DeRicci blinked and then rubbed her eyes. She was working to focus. He might have to force her to nap. She was even more exhausted than usual.
“Uzvaan told me he had a mentor in the Impossibles. A human woman named Mavis Zorn. I think we should find her—or someone should—and find out what she knows. And if she’s not alive any longer or if she’s moved on from the Impossibles, we should see who else she supervised.”
“Human?” DeRicci said. “Not Peyti?”
“No,” he said, “not Peyti. She protected him from failure, made sure he was second chair on a lot of cases, and kept him out of the courtroom entirely in most instances.

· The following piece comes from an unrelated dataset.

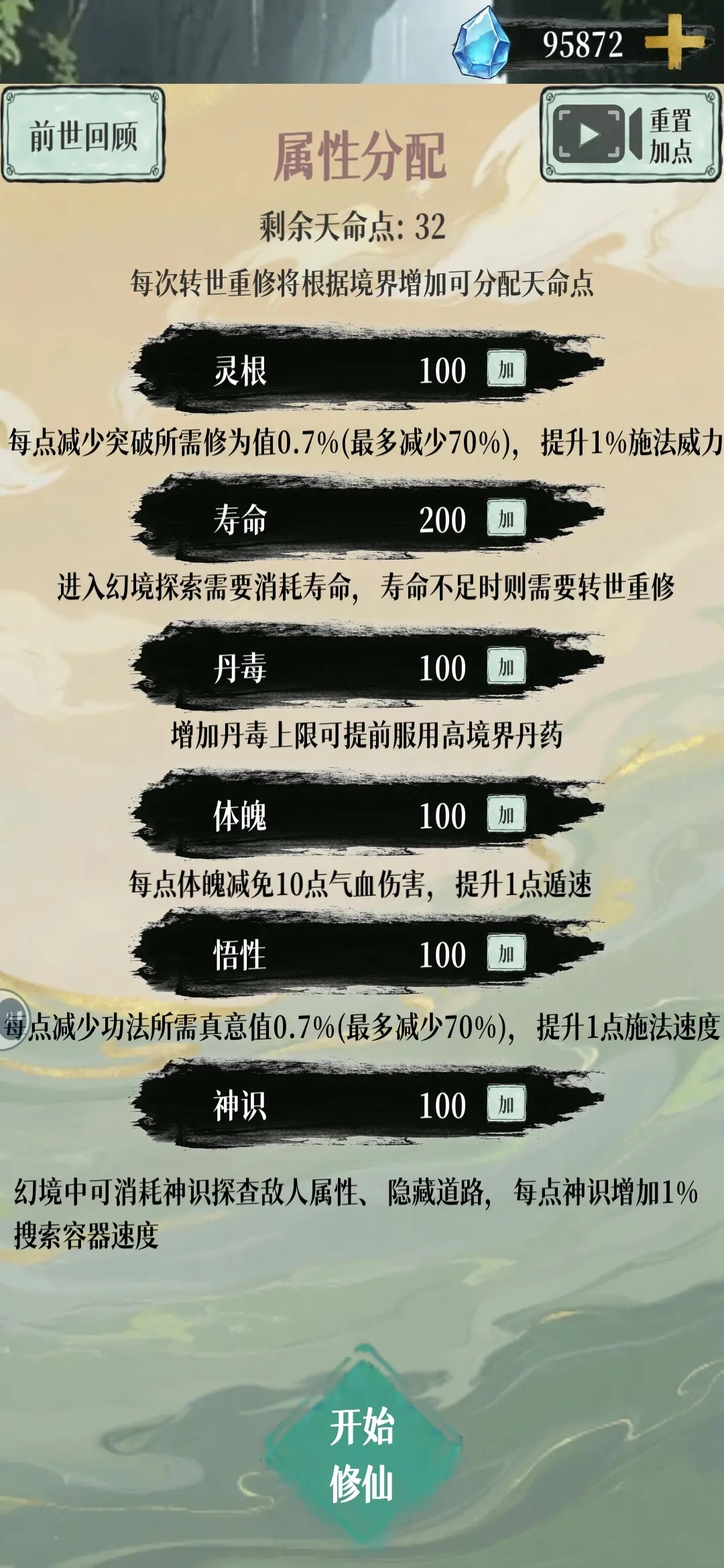 天命点过多无用,转世可重置寿命。

I think she was in on it, but that might be my interpretation.”
“Human,” DeRicci said again. “I didn’t expect that.”
“Neither did I,” Nyquist said. “I asked him to clarify. He did. She was human and she helped him, and he implied that she knew what was going on.”
DeRicci shook her head. “How could we have missed all of this going on under our noses?”
He knew she meant the Alliance missing everything, but he understood it. There was some kind of underground, planning nefarious things for reasons he didn’t understand, planning those things for
decades
, and it got missed.
“Maybe it didn’t get missed,” he said. “Maybe the vastness of the scale is what got missed.”
DeRicci frowned and didn’t say any more. She moved away from the chair, seemingly stronger.
“I’ll talk to the Earth Alliance investigators about this Mavis Zorn. And I’ll see what else we can track down,” she said.
“One last thing,” he said. “What happened to the Peyti clones that weren’t on the Moon when the Peyti Crisis occurred? Has anyone gotten back to you on that?”
Her cheeks flushed quickly. He saw a flash of temper, wondered if it was directed at him, and then realized she was angry at herself. Before she even answered, he knew what she was going to say.
“I forgot to check,” she said, and in her tone was an incredulousness, a
how could I forget something that important?
“They weren’t here,” he said. “We have other things to worry about.”
She nodded, but he could tell she didn’t like that excuse.
“I’ll find out,” she said, “because we don’t want another attack somewhere.”
“For all we know, it could have already happened.”
She shook her head. “I’m sure we would have heard. The Alliance itself seems to be on alert right now.”